Y es que por lo general, el arte no figurativo, el arte abstracto o las vanguardias más violentas, suelen coincidir con periodos donde la realidad no ofrece resguardos, -períodos de guerra principalmente- con lo que la propuesta artística parece desarrollarse en la única dirección que aún le es válida, es decir, fuera de la realidad.

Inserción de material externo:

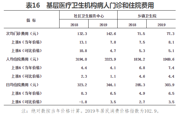(二)基層醫療衛生機構病人醫藥費用。2019年,社區衛生服務中心次均門診費用142.6元,按當年價格比上年上漲7.8%,按可比價格上漲4.7%;人均住院費用3323.9元,按當年價格比上年上漲4.1%,按可比價格上漲1.1%(見表16)。
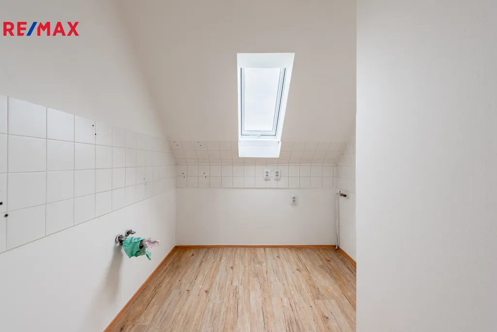V 1. patře se nachází obytný prostor o dispozici 2+1 a rozloze 66 m², z čehož 56,6 m² tvoří obytná plocha a zbylých 9,4 m² technické zázemí. K dispozici je malá kuchyň vybavena kuchyňskou linkou s kompletním vybavením kvalitními spotřebiči, koupelna s toaletou, sprchovým koutem a oknem.
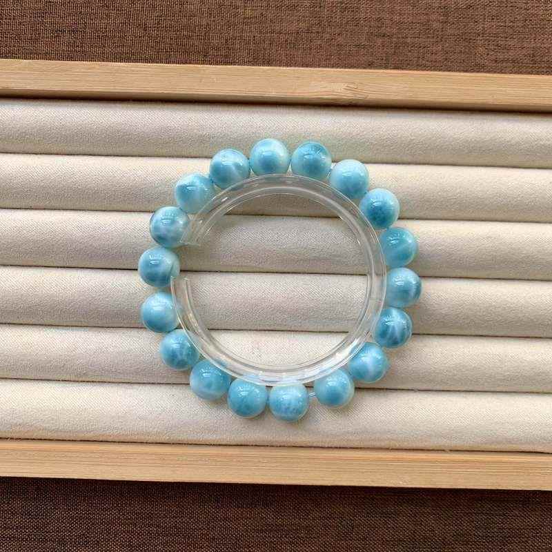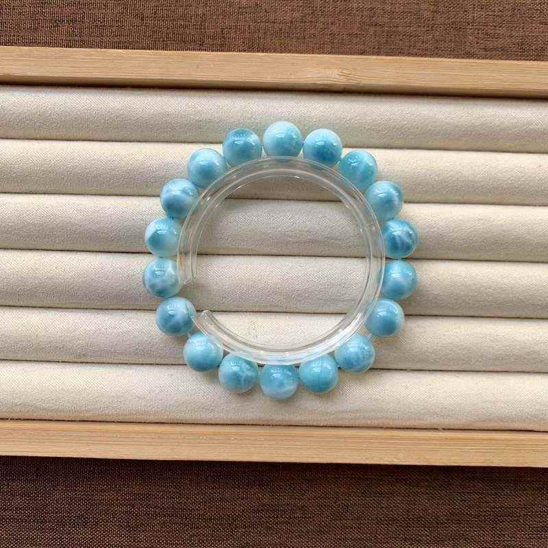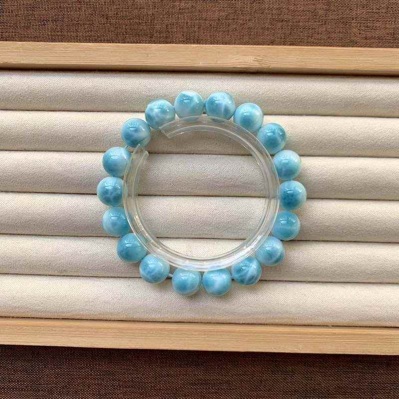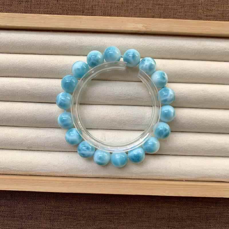 天然多米尼加海纹石手链男女款单圈拉利玛圆珠手串珠链规格11.4mm
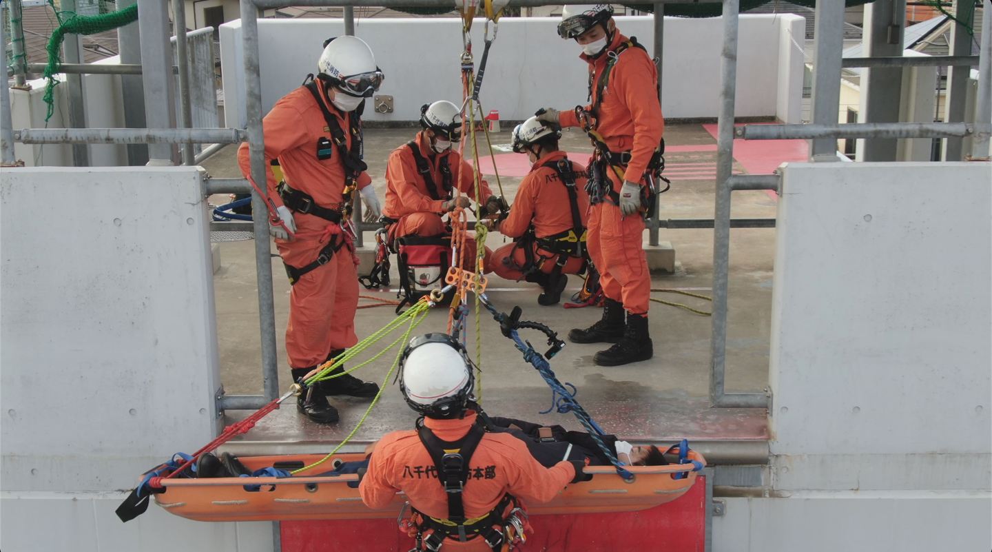 ・担架で運び出す際、救助者の様子を接写で確認し救助
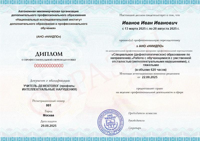 Специальное (дефектологическое) образование по направлению «Работа с обучающимися с умственной отсталостью (интеллектуальными нарушениями), с тяжелыми и множественными нарушениями развития». Олигофренопедагогика и олигофренопсихология (620ч)
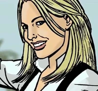 She’s an attractive woman in her 30s with blue eyes, blonde hair, and high cheekbones. Her work attire consists of black pants with a black vest over a white, button-up shirt.
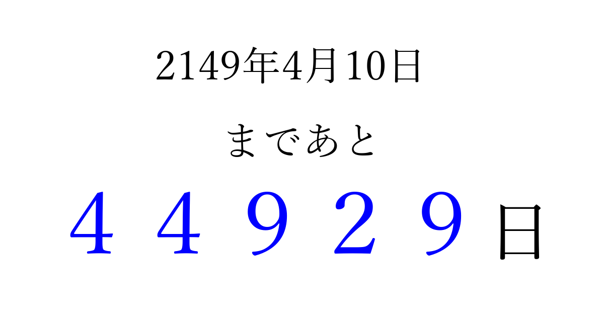2149年4月10日(木)まで あと 99999 日です 追加すると、トップページからすぐ選べるようになります ※2026/04/06現在の結果です。 最新の状態に更新する ↓シェアして、タイムライン上にカウントダウンを表示しよう!↓ 📤 この結果を共有する Tweet シェア Threads Bluesky 別の日付でカウントダウン 2149年4月のカレンダー このページをブックマークに追加すると、いつでもカウントダウンを確認できます。 (PC: Ctrl+D / Mac: ⌘+D) hitome-notes.comでは以下のページも運営しています。 指定日と期間から日付を計算 | ガチャ確率計算・シミュレーション | プライバシー・ポリシー 運営者:Avocado
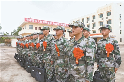 保家衛(wèi)國好男兒,綠色軍營獻青春。9月9日,江西省信豐縣新兵起運工作正式開始。為克服疫情帶來的影響,該縣組織85名新兵直接由封閉管理的役前訓(xùn)練基地出發(fā),奔赴祖國各地。圖為新兵們列隊做好出發(fā)準備。蘭善喜攝
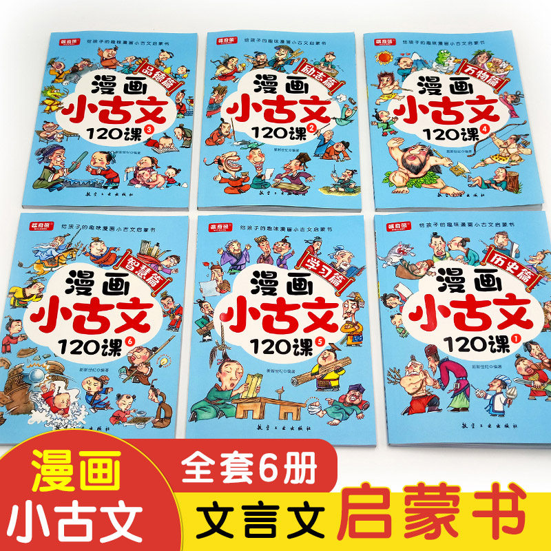 《漫画小古文120课》全套6册,专为小学4-6年级学生打造,是一套融合趣味漫画与经典文言文的启蒙读物。全书采用彩绘正版设计,图文并茂,分级阅读体系科学合理,从易到难逐步提升古文理解能力。每课配有生动插图、原文注解、趣味解读及针对性练习题,帮助孩子在轻松氛围中掌握小古文精髓。内容涵盖课内外常考篇目,助力小升初衔接,提升语文素养与阅读能力。适合四五六年级小学生自主学习或课堂辅助使用,是培养孩子文言文兴趣、夯实语文基础的理想之选。
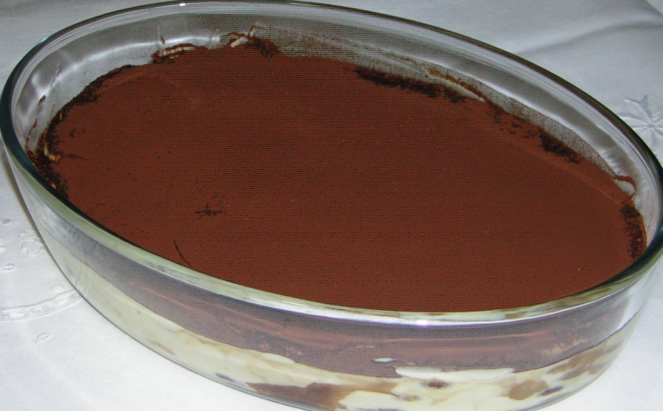 Preparare il caffè con la moka e far raffreddare. In un pentolino versare il latte, una scorza di limone, i semi di bacca di vaniglia e portare verso l' ebollizione. In un altro pentolino mettere i tuorli e lo zucchero e amalgamare con la frusta. Aggiungere l' amido di mais e continuare a mischiare il composto. Versare il latte caldo nel composto e riportare sul fuoco per addensare la crema. Dividere la crema in due terrine ed in una versare il cacao amaro e amalgamare. Versare l' alchermes in un piatto, allungare con acqua e un goccino di caffè, inzupparci i savoiardi e fare uno strato in una terrina rettangolare di vetro. Mettere la crema scura e fare uno strato. Immergere i savoiardi nell' alchermes con il caffè e fare altro strato in terrina. Mettere la crema chiara e livellare. Mettere in frigo per almeno 2 ore. Prima di servire spolverare con cacao amaro.
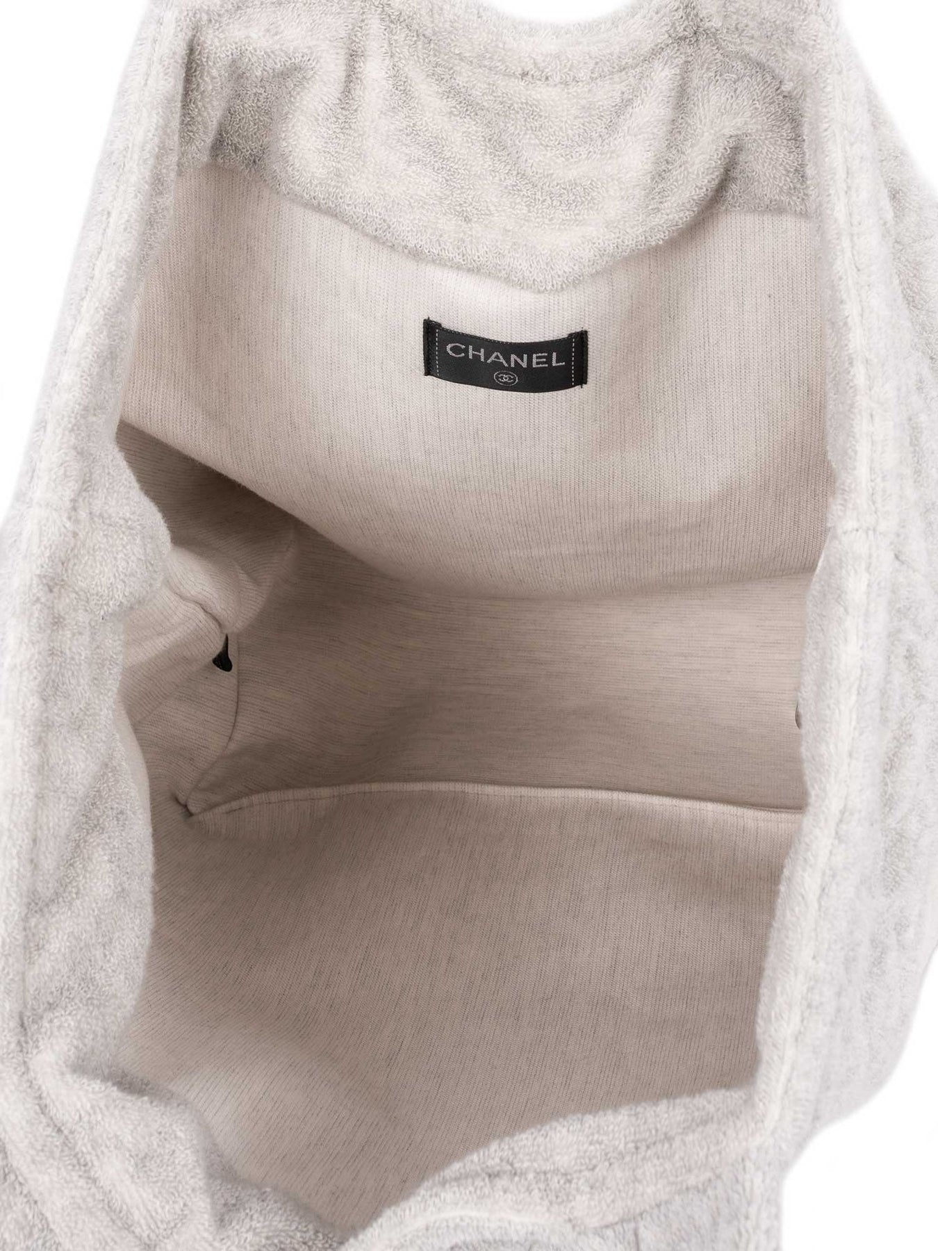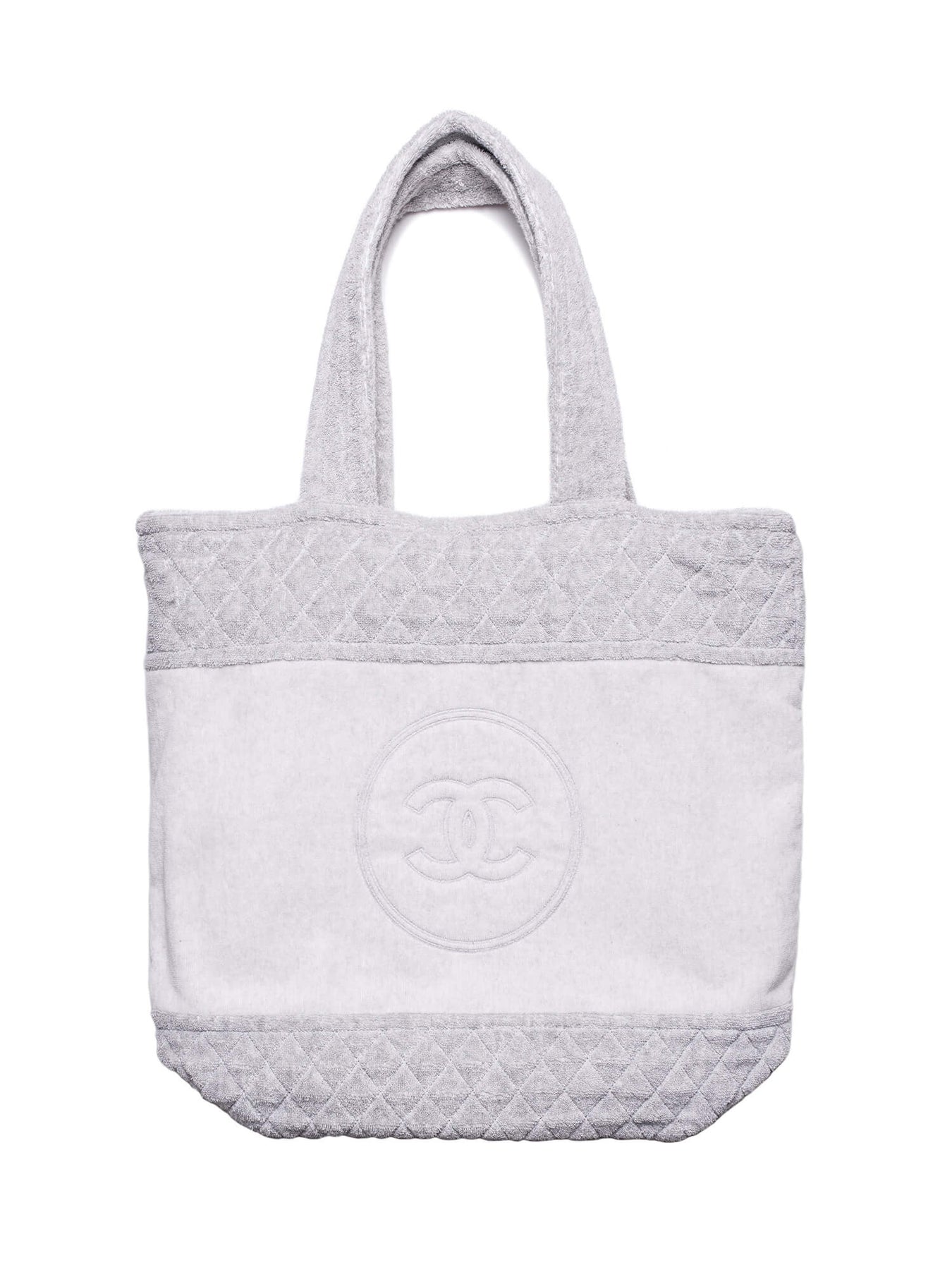 Chanel Beach Bag or . This Chanel tote is in premium grey cotton, featuring quilted trim, frontal large CC logo, dual handles, and attached pouch.The pouch is in matching quilted cotton and frontal CC logo with top zipped closure.

Este cuestionamiento, por lo demás, no se encuentra del todo alejado de Breton –no al menos del que trabajaba en el pabellón psiquiátrico- quien también alude, en varias ocasiones, a las dificultades que este camino podía ocasionar, al funcionar como bloqueo emocional:

“No deja de resultar paradójico que una neurosis sea tratada a partir de la inserción de otra neurosis (…) una más placentera y donde los males asociados sean dejados de lado (…) pero a veces me pregunto si el costo de abandonar de esa forma la realidad y el miedo asociado a aquellos recuerdos no derivará, acaso, en el regreso a esas experiencias… en otra guerra, o en el alejamiento de toda sensación que deje huella y modifique nuestra conducta social (…)”.

Con esto, si bien se puede asimilar al surrealismo con una evasión más que con una propuesta edificada “sobre lo real y como superación de ésta”, no se le resta, por lo demás, mérito alguno a su propuesta: después de todo, la superación de la razón, y la ausencia de inquietudes estéticas y morales que predicaba el primer manifiesto, se alcanzó notablemente, e incluso este movimiento supo ir más allá, intentando reinventarse y replantear su sentido en varias ocasiones, tras sentirse agotado.

Por último, recalcar que el abrazo que aquí le extiendo a Breton y a otros surrealistas con los que estoy nuevamente vinculándome, tiene poco que ver con su arte propiamente tal, sino que se asocia más bien a esas figuras que, ante el peso de lo real, optaron por un arte que volcara las miradas en otras direcciones, descubriendo que el espíritu y los sentimientos, de los que tanto se hablaba desde siglos atrás, eran en verdad seres libres y ajenos a toda norma y entendimiento racional y social, y eran en verdad un mundo nuevo cuyas puertas quedaron abiertas para quien quisiese, y se atreviese, por cierto, a explorarlas.